Authors: Mainland, Geoffrey1 mainland@drexel.edu, Leshchinskiy, Roman rleshchinskiy@gmail.com, Peyton Jones, Simon2 simonpj@microsoft.com
Source: Communications of the ACM. May2017, Vol. 60 Issue 5, p83-91. 9p. 2 Charts, 2 Graphs.
Subjects: Haskell (Computer program language), Computer programming, Array processing, Unicode (Computer character set), Vector processing (Computer science), SIMD (Computer architecture)
Abstract: Ideally, a program written as a composition of concise, self-contained components should perform as well as the equivalent hand-written version where the functionality of what was many components has been manually combined into a monolithic implementation. That is, programmers should not have to sacrifice code clarity or good software engineering practices to obtain performance--we want compositionality without a performance penalty. This work shows how to attain this goal for high-level Haskell in the domain of sequence-processing functions, which includes applications such as array processing. Prior work on stream fusion3 shows how to automatically transform some high-level sequence-processing functions into efficient implementations. It has been used to great effect in Haskell libraries for manipulating byte arrays, Unicode text, and unboxed vectors. However some operations, like vector append, do not perform well within the stream fusion framework. Others, like SIMD computation using the SSE and AVX instructions available on modern x86 chips, do not seem to fit in the stream fusion framework at all. We describe generalized stream fusion, which solves these issues through a careful choice of stream representation. Benchmarks show that high-level Haskell code written using our compiler and libraries can produce code that is faster than both compiler- and hand-vectorized C. [ABSTRACT FROM AUTHOR]

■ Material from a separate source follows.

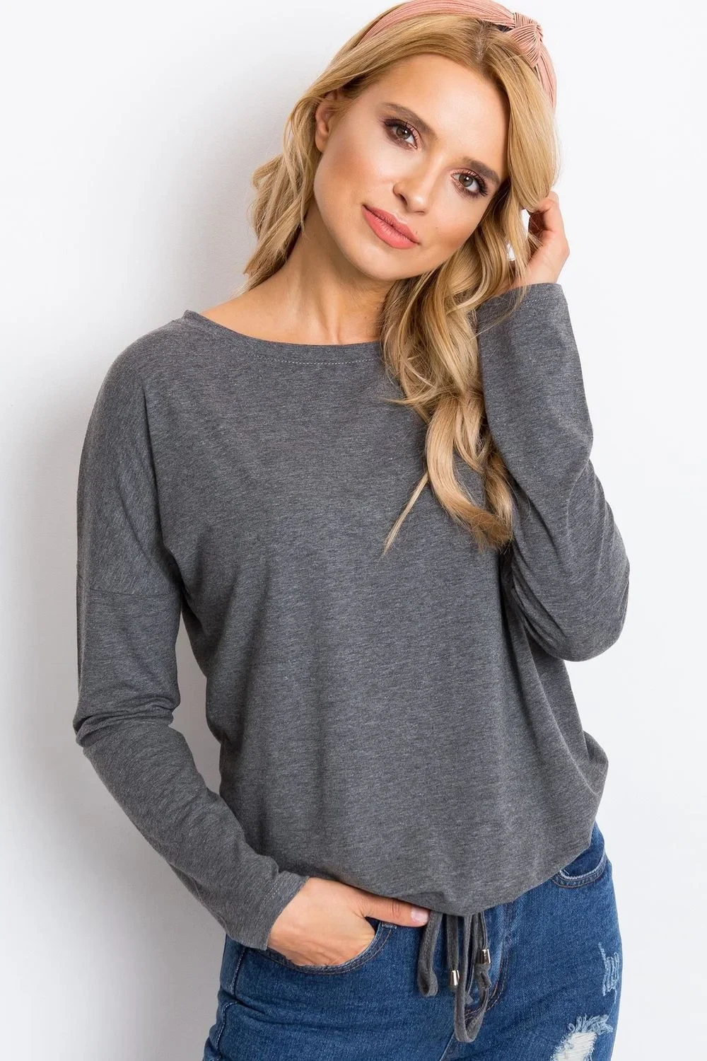 Halenka rovného střihu s dlouhými rukávy. Zavázat dole.

Copyright of Communications of the ACM is the property of Association for Computing Machinery and its content may not be copied or emailed to multiple sites without the copyright holder's express written permission. Additionally, content may not be used with any artificial intelligence tools or machine learning technologies. However, users may print, download, or email articles for individual use. This abstract may be abridged. No warranty is given about the accuracy of the copy. Users should refer to the original published version of the material for the full abstract. (Copyright applies to all Abstracts.)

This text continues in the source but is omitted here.